В камеру торжественно входит процессия из четырех монахов, двух священников и одного мелкого хлыща, одетого в дорогой, шитый золотом, камзол; с надушенным платочком; тонкими нервными движениями.
– Ну-с, как мы?
– с фальшивым участием интересуется шустренький, и не дожидаясь ответа, начинает отдавать распоряжения.
– Подгоните телегу поближе. И передайте охране, что я не хочу чтобы было как в прошлый раз.
Монахи с неодобрением смотрят на него и меня, а мне до ужаса интересно, что же было в прошлый раз. Неужели какому-нибудь бедолаге повезло бежать? Неужто хоть кто-нибудь смог выйти из каземата своими ногами? Вряд ли, если судить по моему состоянию.
Хлыщ снова поворачивается ко мне:
– Так, давайте всё-таки познакомимся. Я - Ваш адвокат.
Я в шоке:
– И что? Вы можете отмазать меня от костра?
Теперь дохлый находится в некотором недоумении, потом его лицо проясняется:
– В смысле оправдать Вас? Конечно могу. По большому счёту именно за этим я и пришёл сюда...
Всё плывёт, камера начинает ходить кругами, становится душно, я начинаю проваливаться в глубокий колодец, вокруг меня искривляются рожи охраны и святых
– Осторожнее надо было бы, такое известие...
– Да уж, повезло дурачку...
И темнота.
Следующий момент я начинаю захлёбываться и шумно фыркать. Внезапно я отчётливо слышу голоса:
– Ну вот, а то чуть нас удовольствия не лишили...
Мне пофиг, я счастлив до потери пульса, пусть изувеченный и почти урод, но живой! А это главное. Меня поднимают и держат под руки, пока этот приятный во всех отношения юркий человек, откашлявшись и серьёзно нахмурив брови начинает читать:
– В связи с днём совершеннолетия кронпринцессы Генриетты, Его Величество объявляет о помиловании и замене смертной казни, бессрочной каторгой для всех лиц совершивших коронные преступления...
Он долго и муторно говорит, плюётся слюной, смотрит вытаращенными глазами - короче развлекается. Я едва улавливаю смысл из вычурных слов королевских приказов. Я едва улавливаю мысль о замене казни на каторгу, но не знаю верить ли этому или нет.

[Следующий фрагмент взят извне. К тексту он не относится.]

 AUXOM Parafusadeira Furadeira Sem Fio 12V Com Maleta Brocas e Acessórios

– Вам надо радоваться, - буднично добавил он, сворачивая свиток, - чтобы из всех осужденных по тем же статьям, помиловать только Вас, Его Величество приказал казнить остальных в течении суток.

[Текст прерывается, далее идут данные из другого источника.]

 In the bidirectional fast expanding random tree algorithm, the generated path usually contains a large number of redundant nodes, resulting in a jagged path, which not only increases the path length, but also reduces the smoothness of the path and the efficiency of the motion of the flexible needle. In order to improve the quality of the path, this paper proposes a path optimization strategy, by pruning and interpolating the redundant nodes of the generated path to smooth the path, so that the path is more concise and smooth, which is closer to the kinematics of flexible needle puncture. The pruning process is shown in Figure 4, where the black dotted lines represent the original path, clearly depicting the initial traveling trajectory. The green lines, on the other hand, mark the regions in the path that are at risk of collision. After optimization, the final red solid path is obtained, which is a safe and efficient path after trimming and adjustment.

Я застыл. Значит это правда? Меня не казнят?! Я стараюсь держать себя в руках, но поганое свойство моей натуры - неприятные известия мне гораздо легче переносить, чем приятные.
Не дав мне в полной мере насладиться счастьем вновь обретённой свободы, этот шкет сворачивая свои бумажки произносит будничным голосом:
– Есть однако одна неувязочка - я по Вашим словам "отмазываю" от гражданских обвинений.
Я ещё улыбаюсь, но я чувствую что-то нехорошее.
– То есть все гражданские обвинения с Вас сняты. Вам не отрубят голову за..., не повесят за..., не четвертуют за ..., не распнут на кресте за ... За все эти преступления Его Величество в мудрости своей простил Вас...
До меня начинает постепенно доходить. Посмотрев на моё снова побледневшее лицо, он, почти с сочувствием, тихо продолжил:
– ... но по преступлениям против веры мой сюзерен ничего не может сделать.
– Что меня ждёт?
Неужели этот каркающий голос мой?
– Сын мой, - встревает один из священнослужителей, до этого смирно стоявший около стеночки и терпеливо ждавший окончания этого фарса,- Святая церковь спасёт твою грешную душу. Сквозь очищающее пламя она попадёт на небо, ибо раскаяние твоё было искренне...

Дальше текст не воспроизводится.